News Brief: Kwantlen Student Association Manages Internal Data Breach
The Runner received an anonymous tip that the Kwantlen Student Association had been “attacked by ransomware” and consequently lost “confidential personnel data” on May 31. However, according to KSA Executive Director Ben Newsom and President David Piraquive, there is no evidence to support that such an attack was made against the association in hopes of accessing private employee information.
“Nobody was trying to get the data,” says Newsom. “Any time you lose data, it’s technically a data breach of some sort, but nobody had to actually hack through anything. It’s a problem that got on our system and that problem led to data loss.”
He continues, “No personal information was stolen. No personal information was leaked. No student data was lost.”
Piraquive adds that “there were no threats or anything like that” made against the KSA, and that he “has no idea” why an employee might have thought that the data breach was a ransomware attack pertinent to staff. The two of them clarify that it was “internal accounting data” that was lost.
Although Newsom says that he has “theories about why” this happened, he is reluctant to share them for confidentiality reasons.
“Not everyone needs to know about ways to get through our system,” he explains. “We don’t want to publish our security protocol.”
In regards to what has been done to address this issue, information about the breach is under evaluation.
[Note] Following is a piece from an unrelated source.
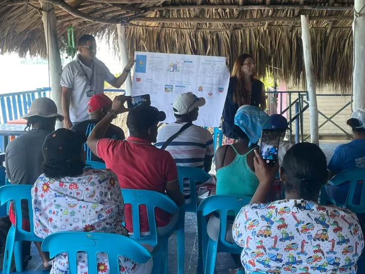 Cartagena de Indias D.T y C., 05 de Octubre de 2022. En el marco de los compromisos adquiridos con la comunidad de Playa Blanca para garantizar el orden y la prestación de un servicio de calidad a los turistas, desde la Corporación de Turismo se coordinó, en conjunto con la Superintendencia de Industria y Comercio y la Policía de Turismo, una jornada de capacitación para los actores turísticos de Playa Blanca.

One of the conclusions that the KSA drew from this analysis is that its hardware needed to be updated. Staff are currently working on implementing these changes, and “people who were directly affected” by the breach have been alerted, Newsom explains. They’re also working on retrieving all of the data lost as a result of the breach, and soon will be completing a massive upgrade of their internal infrastructure.
“The major upgrade was coming last year. The actual problem that led to this would have probably been caught by that if we were able to do it, but it was a separate issue than just, ‘This hardware’s old. We have to upgrade it,’” he says. “We have 50 people in here with two devices that connect on a wireless signal, so that hardware can’t handle that load.”
Newsom has been working with the KSA since 2010 and has only seen one similar data breach affect the organization during that time.
“That’s why no one had flagged it as a problem up until this point,” he says. “That’s why there needs to be a system in place for reviewing that at least on a yearly basis.”
“It just shows that we have to do better when it comes to backup data servers,” adds Piraquive.